Seems like the ideal book for fans of Stranger Things, but with something of a difference. Nostalgic? Yes, but it’s much more too, as Nick Bruno points out:

At first glance, Urban Legendz appears to be a supernatural trip into nostalgia. But when you read between the lines, you’ll discover a timeless message about how having a few good friends, can help us all overcome the “monsters” we’ll face in our lives.

Although, Paul Downs also mentions that it’s more than just a trip down Memory Lane:

Our goal with Urban Legendz was to tell a supernatural story with meaning. A nostalgic adventure, centered around a diverse group of friends who are dealing with present-day social issues (family dynamics, homelessness, gentrification). I grew up in a city, where our childhood adventures may have looked a little bit different than the classic Spielbergian suburbs, but were equally as magical. This was our opportunity to tell one of those stories. After all, why should the suburbs have all the fun?

It’s as also important to these creators that this new book presented the diverse world they grew up with, as third Musketeer on this project, Michael Yates, references:

As a kid, I grew up on a steady diet of comics and animation.
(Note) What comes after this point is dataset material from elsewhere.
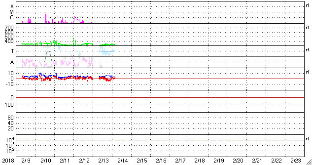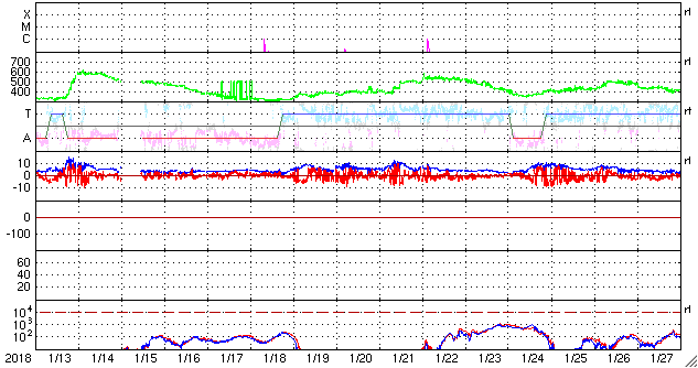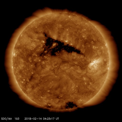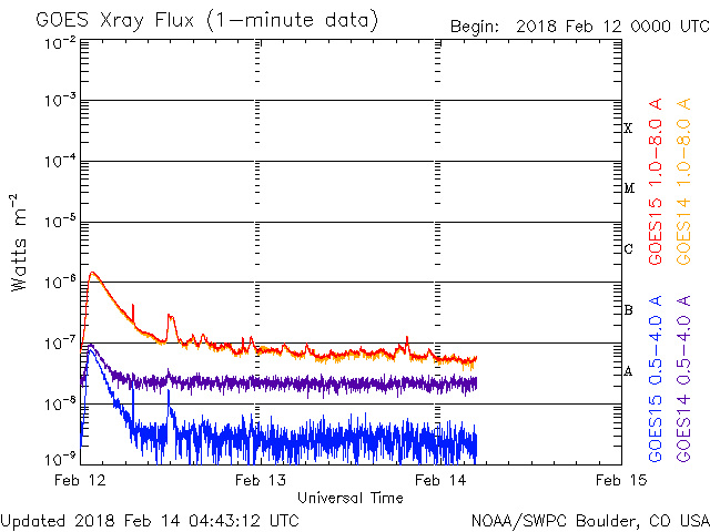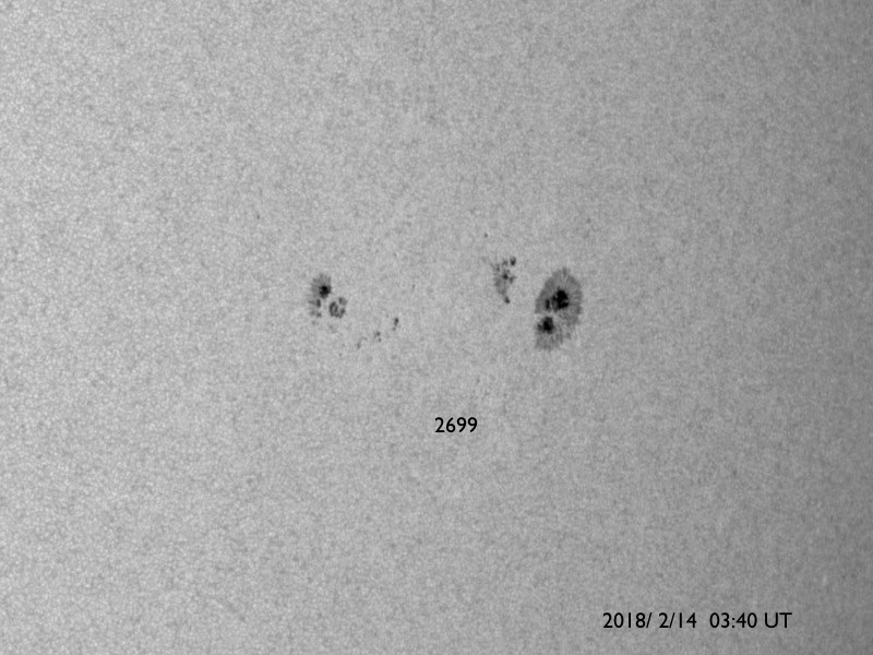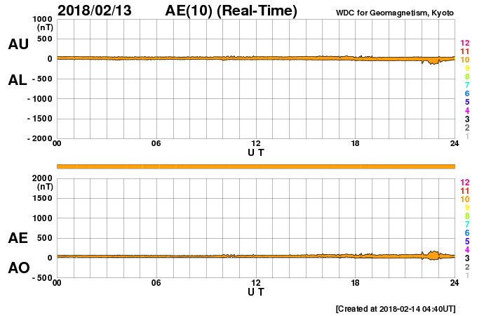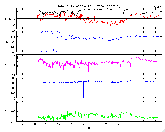 2018/ 2/14 13:43 更新 太陽風は低速です。今後、CMEの乱れが到来しそうです。 担当 篠原 2699黒点群は、衰え始めている様で、 拡大写真では、黒点が小さくなり、 X線グラフは、全体の強度が低下しています。 太陽はこのまま穏やかになりそうです。 太陽風は、320km/秒と低速の風が続いています。 磁場強度は、3nTから5nTに上がり、 再び3nTに下がるという変化をしていますが、 振れ方としては小幅で、 磁気圏では特に変化は起きていません。 AE指数はほとんど変化がなく、穏やかな状態が続いています。 12日の朝に発生したCMEの影響が近付いています。 NOAA/SWPCの太陽風予報では、 今夜くらいに変化が到来するとしています。 変化の到来まで3〜4日程度と考えると、明日前後となりそうです。 今夜以降の太陽風の推移に注目して下さい。 太陽風の磁場が強まり、南向きに大きく変化すると、 磁気圏の活動も高まります。 オーロラのライブカメラにも注目して下さい。 一方、SDO衛星AIA193では、 三角形のコロナホールが太陽の中央部に広がっています。 明後日以降は、この領域の影響も始まりそうです。 ![]() 2699黒点群の拡大写真。SDO衛星。 (c) SDO (NASA)、作図:宇宙天気ニュース ![]() SDO衛星のAIA193カメラによる太陽コロナの様子 (c) SDO (NASA) ![]() SDO衛星による太陽の可視光写真。マウスの矢印を写真に重ねると、黒点番号付きの写真に切り替わります。 (c) SDO (NASA) ![]() GOES衛星の太陽X線データ (c) NOAA/SWPC ![]() DSCOVRが観測した太陽風の磁場(1番上の枠、黒線は全体の強度、赤線は南北成分) および、太陽風の密度(3番目の紫線)、速度(4番目の青線) (c) データ:NOAA/SWPC、作図:宇宙天気ニュース ![]() AE指数(速報値) 下段のAEグラフの値が高くなると、オーロラ活動が活発化しています。 (c) 京都大学WDC ![]() ![]() 27日の太陽周期に合わせたデータプロット 太陽が同じ面を地球に向けていた27日前の変化から、今後を予想することができます。 (c) 作図:宇宙天気ニュース

In middle school, I’d take some of my favorite animation worlds, like Akira, and Dragonball Z and do my own comic spinoffs. I’d take a stack of printer paper stapled together and lose hours drawing and telling stories. The biggest difference being my stories would include characters that looked like me. This has been a goal of mine since I’ve entered into the animation industry and now into comics. I just want that little black kid in rural Indiana to see himself in some of the stories he was lost in.